▸ **TO DO**:
Reproduce, from the lines below, exactly the stretch that begins at the line containing "mento Inc. EMはすでに「次世代のマネジメント」を訓練している" and ends at the line containing "Описание: Изготовлено из", both included.

▸ **DATA FOR THIS TASK**:
○ ○ ○ ○ ○

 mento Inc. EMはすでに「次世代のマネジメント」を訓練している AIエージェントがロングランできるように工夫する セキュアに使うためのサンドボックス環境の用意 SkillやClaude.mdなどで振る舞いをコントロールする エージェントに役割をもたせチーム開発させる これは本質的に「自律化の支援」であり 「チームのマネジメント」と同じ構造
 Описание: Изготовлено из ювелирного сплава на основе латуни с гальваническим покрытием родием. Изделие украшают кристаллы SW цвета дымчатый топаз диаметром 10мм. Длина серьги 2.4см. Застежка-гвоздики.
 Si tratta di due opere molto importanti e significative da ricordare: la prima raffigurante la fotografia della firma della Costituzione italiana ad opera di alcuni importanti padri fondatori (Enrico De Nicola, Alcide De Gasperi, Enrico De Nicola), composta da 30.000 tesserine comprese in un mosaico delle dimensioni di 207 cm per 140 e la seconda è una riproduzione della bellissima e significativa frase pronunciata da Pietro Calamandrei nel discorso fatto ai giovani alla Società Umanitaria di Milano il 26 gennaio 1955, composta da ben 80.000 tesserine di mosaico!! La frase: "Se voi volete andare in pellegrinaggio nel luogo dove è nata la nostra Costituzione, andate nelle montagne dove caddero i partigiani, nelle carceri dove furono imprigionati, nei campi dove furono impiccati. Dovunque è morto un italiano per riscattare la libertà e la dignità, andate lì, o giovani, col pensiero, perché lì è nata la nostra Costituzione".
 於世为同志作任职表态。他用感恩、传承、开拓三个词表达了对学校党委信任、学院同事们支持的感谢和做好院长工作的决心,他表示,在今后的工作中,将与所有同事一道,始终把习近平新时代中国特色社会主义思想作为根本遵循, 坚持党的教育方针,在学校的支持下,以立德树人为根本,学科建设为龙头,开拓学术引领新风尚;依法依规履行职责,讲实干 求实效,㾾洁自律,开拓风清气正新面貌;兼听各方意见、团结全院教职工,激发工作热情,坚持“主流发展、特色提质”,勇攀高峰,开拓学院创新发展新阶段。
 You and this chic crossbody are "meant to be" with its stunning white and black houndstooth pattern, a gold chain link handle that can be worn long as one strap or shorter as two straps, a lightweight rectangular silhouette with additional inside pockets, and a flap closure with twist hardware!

○ ○ ○ ○ ○

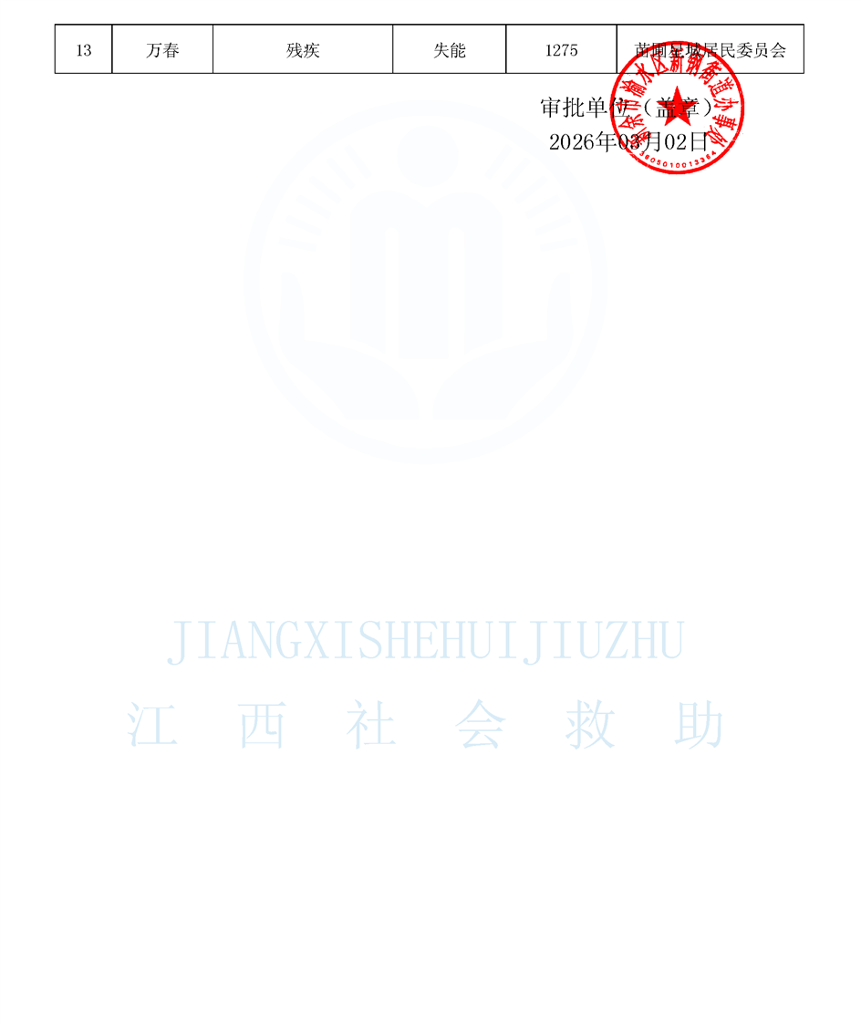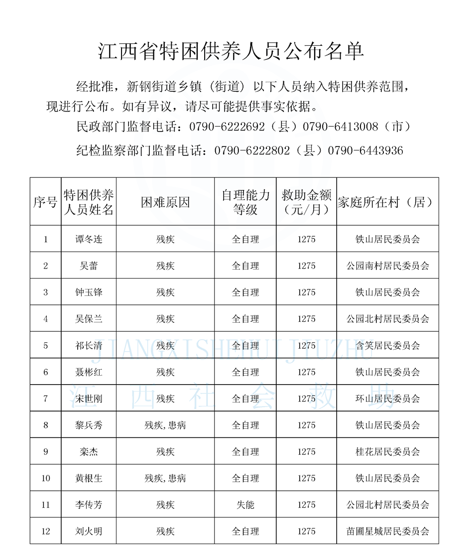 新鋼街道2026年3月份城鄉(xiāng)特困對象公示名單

○ ○ ○ ○ ○

▸ **REPLY**:
 mento Inc. EMはすでに「次世代のマネジメント」を訓練している AIエージェントがロングランできるように工夫する セキュアに使うためのサンドボックス環境の用意 SkillやClaude.mdなどで振る舞いをコントロールする エージェントに役割をもたせチーム開発させる これは本質的に「自律化の支援」であり 「チームのマネジメント」と同じ構造
 Описание: Изготовлено из ювелирного сплава на основе латуни с гальваническим покрытием родием. Изделие украшают кристаллы SW цвета дымчатый топаз диаметром 10мм. Длина серьги 2.4см. Застежка-гвоздики.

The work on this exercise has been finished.